YOUR INSTRUCTIONS
An exact copy of every entry is needed, with the images left out.

EXTRACTED DATA
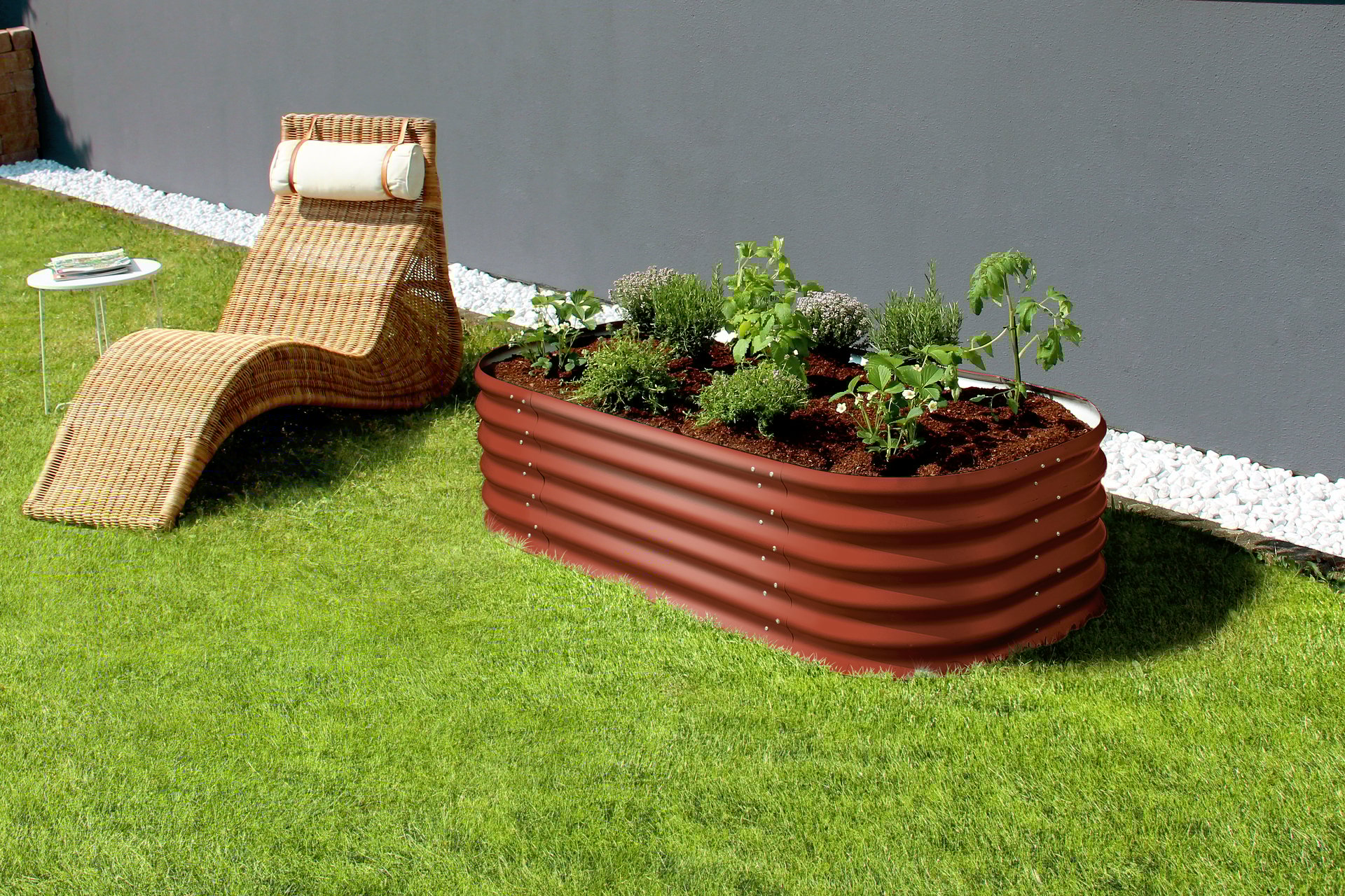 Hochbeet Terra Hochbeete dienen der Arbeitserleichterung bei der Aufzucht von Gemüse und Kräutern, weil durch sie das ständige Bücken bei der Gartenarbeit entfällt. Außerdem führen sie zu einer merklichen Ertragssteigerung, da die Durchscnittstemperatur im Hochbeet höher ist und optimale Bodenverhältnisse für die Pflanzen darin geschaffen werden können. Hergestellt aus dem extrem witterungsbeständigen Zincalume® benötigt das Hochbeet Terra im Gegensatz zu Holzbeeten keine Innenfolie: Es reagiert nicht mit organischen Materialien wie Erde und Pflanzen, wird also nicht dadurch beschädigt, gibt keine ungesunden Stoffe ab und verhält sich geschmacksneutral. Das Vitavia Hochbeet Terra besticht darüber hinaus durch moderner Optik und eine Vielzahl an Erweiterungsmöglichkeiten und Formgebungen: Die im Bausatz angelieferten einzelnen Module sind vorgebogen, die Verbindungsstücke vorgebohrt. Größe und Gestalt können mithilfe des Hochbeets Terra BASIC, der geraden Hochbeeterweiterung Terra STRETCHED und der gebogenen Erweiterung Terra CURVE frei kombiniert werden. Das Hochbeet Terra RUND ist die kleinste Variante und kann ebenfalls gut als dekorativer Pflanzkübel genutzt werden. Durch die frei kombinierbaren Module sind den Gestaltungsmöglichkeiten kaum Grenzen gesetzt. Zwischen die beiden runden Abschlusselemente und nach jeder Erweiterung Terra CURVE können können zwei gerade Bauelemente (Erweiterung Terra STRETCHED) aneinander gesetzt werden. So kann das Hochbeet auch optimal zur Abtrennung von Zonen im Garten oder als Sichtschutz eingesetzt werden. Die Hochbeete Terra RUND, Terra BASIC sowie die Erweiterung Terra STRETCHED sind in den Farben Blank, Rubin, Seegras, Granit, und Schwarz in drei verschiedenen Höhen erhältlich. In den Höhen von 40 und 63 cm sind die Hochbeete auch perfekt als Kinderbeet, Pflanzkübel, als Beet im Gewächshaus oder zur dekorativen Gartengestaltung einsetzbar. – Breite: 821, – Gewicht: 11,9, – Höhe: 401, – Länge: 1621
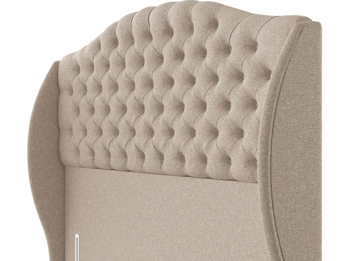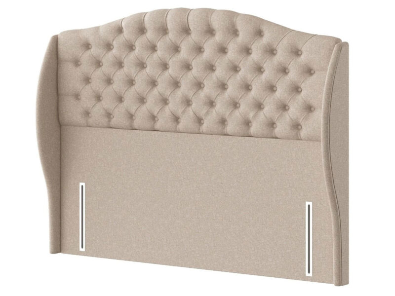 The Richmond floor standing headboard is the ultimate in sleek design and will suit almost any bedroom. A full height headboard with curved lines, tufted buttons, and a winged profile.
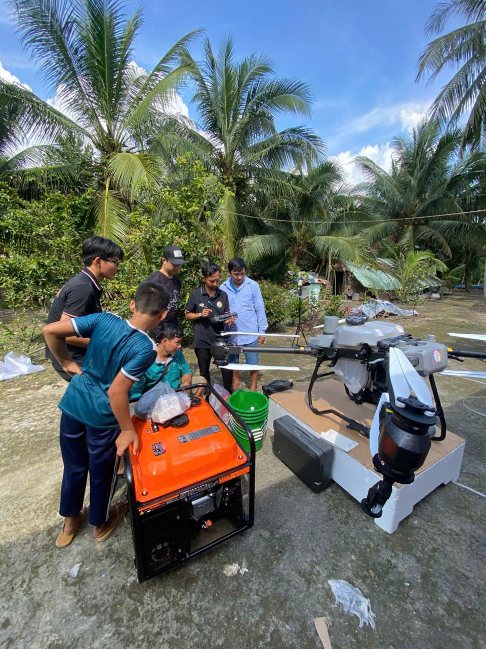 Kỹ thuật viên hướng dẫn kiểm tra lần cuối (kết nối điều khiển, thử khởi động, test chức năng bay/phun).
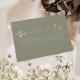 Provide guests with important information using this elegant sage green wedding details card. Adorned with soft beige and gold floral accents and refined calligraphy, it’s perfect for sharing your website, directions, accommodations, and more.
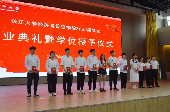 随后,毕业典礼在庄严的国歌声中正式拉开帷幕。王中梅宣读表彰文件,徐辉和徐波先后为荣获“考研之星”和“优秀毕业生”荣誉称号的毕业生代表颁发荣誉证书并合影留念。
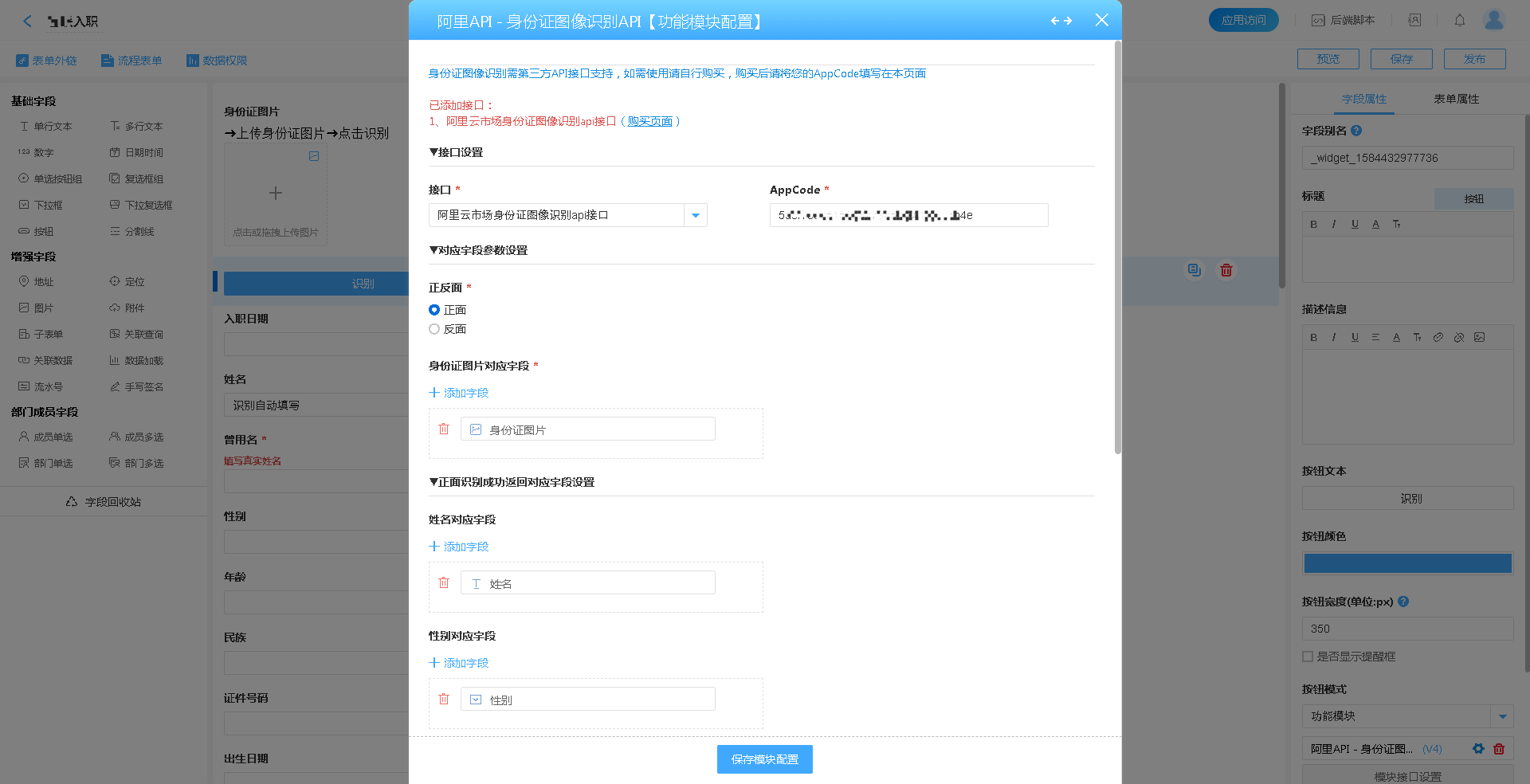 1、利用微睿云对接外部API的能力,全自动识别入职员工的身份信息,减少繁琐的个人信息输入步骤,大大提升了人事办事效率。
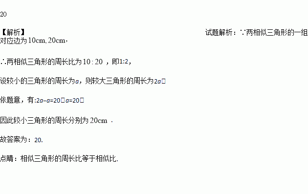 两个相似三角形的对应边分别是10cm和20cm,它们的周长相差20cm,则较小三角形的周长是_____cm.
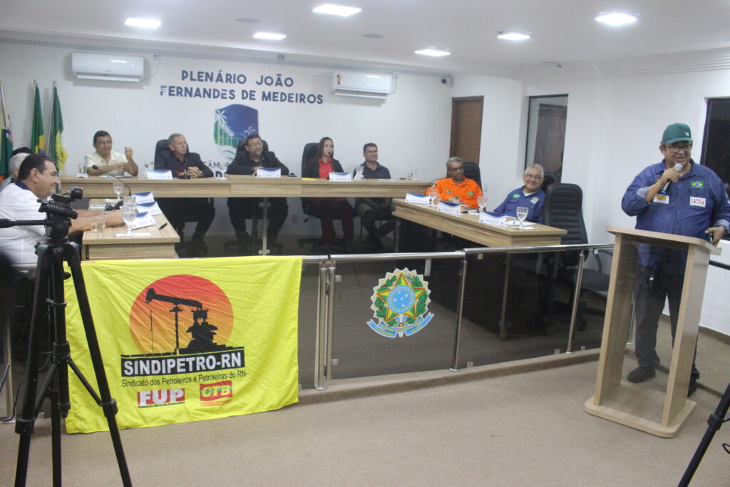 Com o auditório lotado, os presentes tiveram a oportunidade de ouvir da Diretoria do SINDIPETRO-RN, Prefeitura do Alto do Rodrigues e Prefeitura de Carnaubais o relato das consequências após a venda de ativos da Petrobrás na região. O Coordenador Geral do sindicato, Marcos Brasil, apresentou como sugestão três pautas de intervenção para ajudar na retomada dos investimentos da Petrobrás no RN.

COMPLETED TASK
 Hochbeet Terra Hochbeete dienen der Arbeitserleichterung bei der Aufzucht von Gemüse und Kräutern, weil durch sie das ständige Bücken bei der Gartenarbeit entfällt. Außerdem führen sie zu einer merklichen Ertragssteigerung, da die Durchscnittstemperatur im Hochbeet höher ist und optimale Bodenverhältnisse für die Pflanzen darin geschaffen werden können. Hergestellt aus dem extrem witterungsbeständigen Zincalume® benötigt das Hochbeet Terra im Gegensatz zu Holzbeeten keine Innenfolie: Es reagiert nicht mit organischen Materialien wie Erde und Pflanzen, wird also nicht dadurch beschädigt, gibt keine ungesunden Stoffe ab und verhält sich geschmacksneutral. Das Vitavia Hochbeet Terra besticht darüber hinaus durch moderner Optik und eine Vielzahl an Erweiterungsmöglichkeiten und Formgebungen: Die im Bausatz angelieferten einzelnen Module sind vorgebogen, die Verbindungsstücke vorgebohrt. Größe und Gestalt können mithilfe des Hochbeets Terra BASIC, der geraden Hochbeeterweiterung Terra STRETCHED und der gebogenen Erweiterung Terra CURVE frei kombiniert werden. Das Hochbeet Terra RUND ist die kleinste Variante und kann ebenfalls gut als dekorativer Pflanzkübel genutzt werden. Durch die frei kombinierbaren Module sind den Gestaltungsmöglichkeiten kaum Grenzen gesetzt. Zwischen die beiden runden Abschlusselemente und nach jeder Erweiterung Terra CURVE können können zwei gerade Bauelemente (Erweiterung Terra STRETCHED) aneinander gesetzt werden. So kann das Hochbeet auch optimal zur Abtrennung von Zonen im Garten oder als Sichtschutz eingesetzt werden. Die Hochbeete Terra RUND, Terra BASIC sowie die Erweiterung Terra STRETCHED sind in den Farben Blank, Rubin, Seegras, Granit, und Schwarz in drei verschiedenen Höhen erhältlich. In den Höhen von 40 und 63 cm sind die Hochbeete auch perfekt als Kinderbeet, Pflanzkübel, als Beet im Gewächshaus oder zur dekorativen Gartengestaltung einsetzbar. – Breite: 821, – Gewicht: 11,9, – Höhe: 401, – Länge: 1621
 The Richmond floor standing headboard is the ultimate in sleek design and will suit almost any bedroom. A full height headboard with curved lines, tufted buttons, and a winged profile.
 Kỹ thuật viên hướng dẫn kiểm tra lần cuối (kết nối điều khiển, thử khởi động, test chức năng bay/phun).
 Provide guests with important information using this elegant sage green wedding details card. Adorned with soft beige and gold floral accents and refined calligraphy, it’s perfect for sharing your website, directions, accommodations, and more.
 随后,毕业典礼在庄严的国歌声中正式拉开帷幕。王中梅宣读表彰文件,徐辉和徐波先后为荣获“考研之星”和“优秀毕业生”荣誉称号的毕业生代表颁发荣誉证书并合影留念。
 1、利用微睿云对接外部API的能力,全自动识别入职员工的身份信息,减少繁琐的个人信息输入步骤,大大提升了人事办事效率。
 两个相似三角形的对应边分别是10cm和20cm,它们的周长相差20cm,则较小三角形的周长是_____cm.
 Com o auditório lotado, os presentes tiveram a oportunidade de ouvir da Diretoria do SINDIPETRO-RN, Prefeitura do Alto do Rodrigues e Prefeitura de Carnaubais o relato das consequências após a venda de ativos da Petrobrás na região. O Coordenador Geral do sindicato, Marcos Brasil, apresentou como sugestão três pautas de intervenção para ajudar na retomada dos investimentos da Petrobrás no RN.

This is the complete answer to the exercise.